This is an RV forum; not a debate forum.

From:  Snowbird   To:  Texasclodhopper

I'm sorry but I, for one, am sick of Kirk acting like the be all, know all RV Fulltimer, putting other people down! I can't stand someone who does that. Thanks for the advice, but I'll pass. I have always thought for myself and stood up to the bullys of the world like Kirk!

By the way... the very first time I posted Kirk jumped on me like white on rice! He has nothing good to say to anyone in my humble opinion. I like you Texas, but you need to stand up to the bullies in the world like Kirk. I don't think newcomers or lurkers will be hurt from my opinions, they might even appreciate the fact that someone stands up for them now and again. Everyone needs a big brother or sister after all...

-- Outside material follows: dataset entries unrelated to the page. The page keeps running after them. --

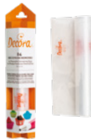
Sac à Poche Monouso Disposable Piping Bags
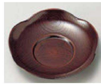
⑩ H-9-13 M 4寸梅木彫茶托 栃 ¥1,200 (11.5φ×2.1) 梱200
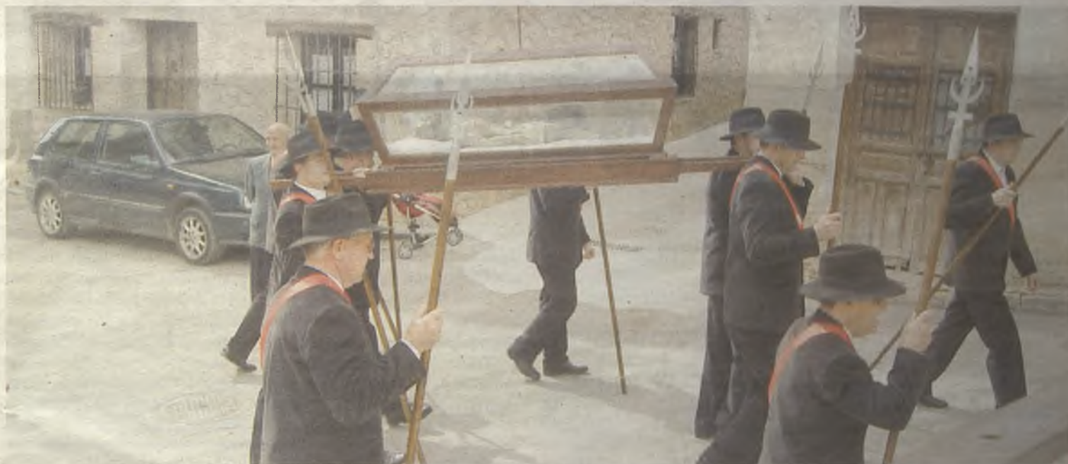
Los Soldados de Cristo protagonizan la Semana Santa en Budia.

hombros el Sepulcro hasta la ermita de la Soledad, donde dos de ellos hacen guardia. Antes de que anochezca se colocan antorchas desde la iglesia hasta la ermita de la Soledad, y a las once en punto se apagan con la única intención de que comience la procesión de las Antorchas. En esta procesión, la imagen de la Dolorosa se acompaña del golpeo de las lanzas contra el suelo, y produciéndose un momento indescriptible, al unirse lo profano y lo litúrgico. Así, con este son llegan hasta la ermita. Los Soldados de Cristo viven otro momento destacado en el triunfo de la Cruz, cuando todos unidos en círculo entorno al abad, éste levanta la Cruz y los soldados las lanzas.

From: Texasclodhopper  To: Snowbird

I'm not asking you to change in any way.  I'm just asking you to take your fued off of the forum.  It really isn't what this forum has been about for quite awhile.
It detracts from what we all are doing for other RVers.  You must see that.?

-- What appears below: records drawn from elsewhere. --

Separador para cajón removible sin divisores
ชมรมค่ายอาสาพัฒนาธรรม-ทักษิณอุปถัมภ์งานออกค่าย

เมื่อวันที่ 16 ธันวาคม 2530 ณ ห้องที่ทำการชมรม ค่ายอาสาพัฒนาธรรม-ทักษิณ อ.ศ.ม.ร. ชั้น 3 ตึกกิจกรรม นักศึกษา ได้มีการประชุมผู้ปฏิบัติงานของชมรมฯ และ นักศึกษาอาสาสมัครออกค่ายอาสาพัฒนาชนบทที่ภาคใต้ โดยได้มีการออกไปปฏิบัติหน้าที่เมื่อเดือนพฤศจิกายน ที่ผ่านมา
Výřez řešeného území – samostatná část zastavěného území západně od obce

From: Texasclodhopper  To: Snowbird

"I know whether I'm in Canada, Mexico, or the great United States of America, I treat everyone the same. I'm friendly to all even though I may not speak their language." {quote from post by Snowbird}
OK!  I know you mean this for Kirk, too!  Yea!  I'm glad for you!

From:  Snowbird   To:  Texasclodhopper

Actually Texas you're way off base. Kirk wasn't even in my mind when I wrote that. I wrote it after I took a walk through the RV Resort I'm staying in and passed by a group of french speaking Canadians and spoke to them and they just looked and went about their business with a frown on their faces. Are you saying Kirk is a Canadian? If so, that would explain a lot. But, no I didn't say it for Kirk. I'm pretty straight forward Texas. If I had meant it for Kirk, I would have let him know it.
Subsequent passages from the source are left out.